The rehearsal extends smoke-a4 (k3d + libvirt VM + agent + apply
CR + reconcile podman) with Zitadel + auth callout + agent JWT
auth. Two devices + one admin. Same code paths as production —
only the cluster topology differs.
Detailed plan: v0_demo_e2e.md.
Once the VM rehearsal is green (success criteria in that doc), the residual deltas to ship to real OKD are configuration, not new code.
Principles — what we've learned and want to keep doing
- No yaml in framework code paths. Every kube-rs type is typed; every Score apply goes through typed Rust. Yaml generation happens only at chart-publish time, never at runtime.
- Scores describe desired state; topologies expose capabilities. Prefer adding capability traits over thickening a single topology.
- Minimal topologies for ad-hoc Score execution.
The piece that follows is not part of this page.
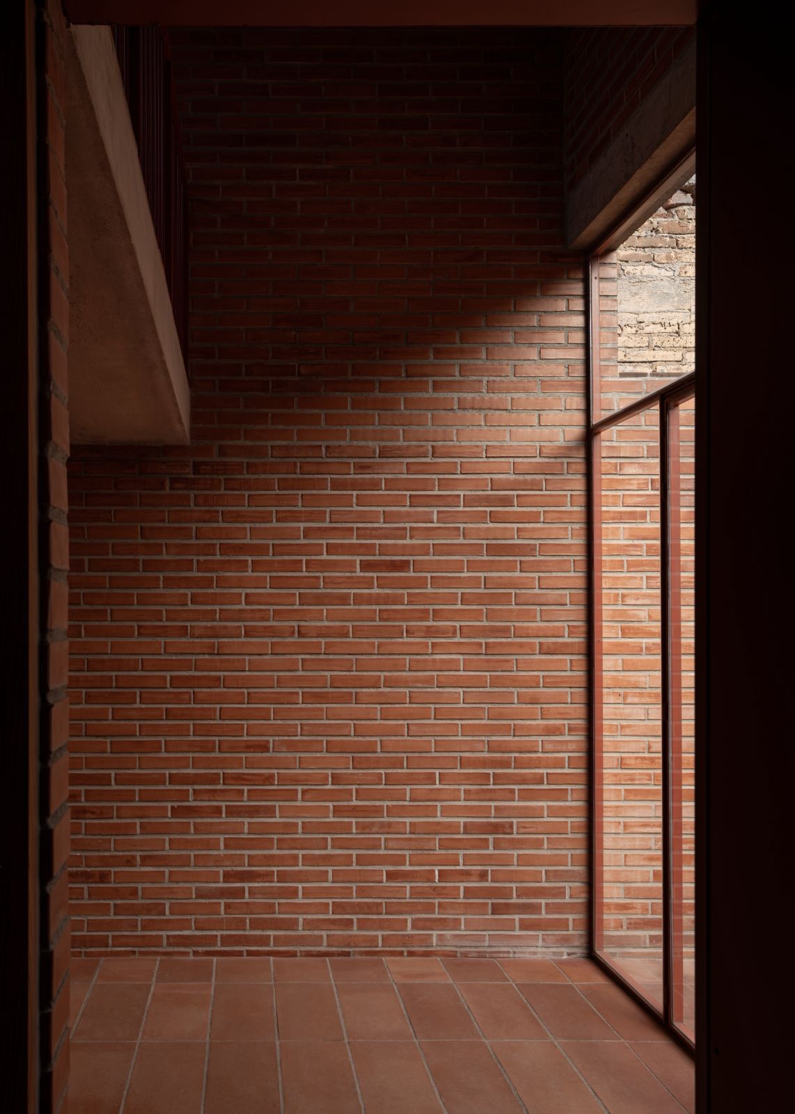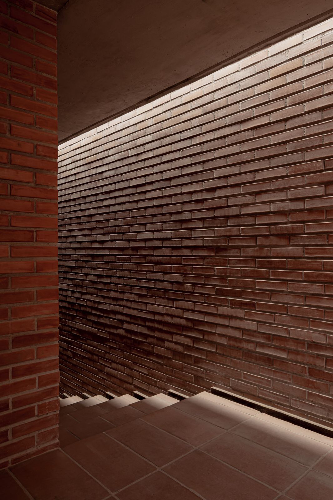 La casa no se lee como un objeto aislado, sino como una secuencia de volúmenes conectados por patios, umbrales y escaleras. El ladrillo, la luz y los árboles son el hilo conductor.
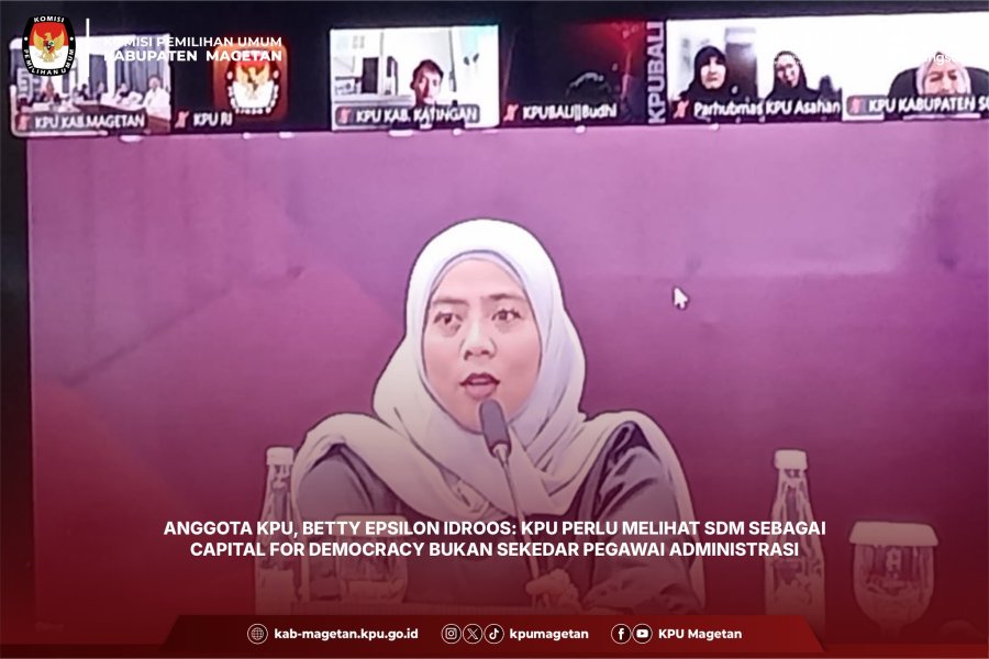 Komisi Pemilihan Umum Kabupaten Magetan (KPU Magetan) mengikuti Rapat Koordinasi Pengawasan dalam rangka Peningkatan dan Penguatan Kinerja Pengawasan di Lingkungan KPU, KPU Provinsi, dan KPU Kabupaten/Kota secara daring di Media Center KPU Magetan, Selasa (21/10). Anggota KPU RI, Iffa Rosita, dalam arahannya menyampaikan bahwa pimpinan KPU di daerah harus mampu mengasah kemampuan dalam memitigasi permasalahan. “Data yang tersaji dalam Sistem Pengendalian Intern Pemerintah (SPIP) dapat digunakan untuk keperluan memitigasi permasalahan. Unsur dalam SPIP di antaranya meliputi lingkungan pengendalian, penilaian risiko, kegiatan pengendalian, informasi dan komunikasi, serta pemantauan pengendalian intern,” terangnya. “Komponen untuk mengukur maturitas SPIP meliputi kualitas penetapan tujuan, penyelenggaraan struktur dan proses, serta pencapaian tujuan yang mencerminkan hasil dari penyelenggaraan SPIP,” imbuhnya. Kegiatan Rapat Koordinasi Pengawasan dalam rangka Peningkatan dan Penguatan Kinerja Pengawasan di Lingkungan KPU, KPU Provinsi, dan KPU Kabupaten/Kota dilanjutkan dengan pemaparan materi oleh Moch. Fahrudin, Direktur Pengawasan Bidang Politik dan Penegakan Hukum Badan Pengawasan Keuangan dan Pembangunan, serta Nanang Priyatna, Inspektorat Utama Setjen KPU. (sgt) #KPUmelayani

K8sAnywhereTopologyhas too many opinions (cert-manager install, tenant-manager bootstrap, helm probes) for narrow apply-a-CRD use cases. See ROADMAP §12.6 — a lean sharedK8sBareTopologyis the durable fix. - Cross-boundary wire types in
harmony-reconciler-contracts, everything else in its natural crate. - Never ship untested code. Every commit that changes runtime behavior is verified against a smoke script before landing. Cargo check + unit tests aren't enough.
- Prove claims about upstream before blaming upstream. The
Arch edk2 investigation showed this matters; see
memory/feedback_prove_before_blaming_upstream.md.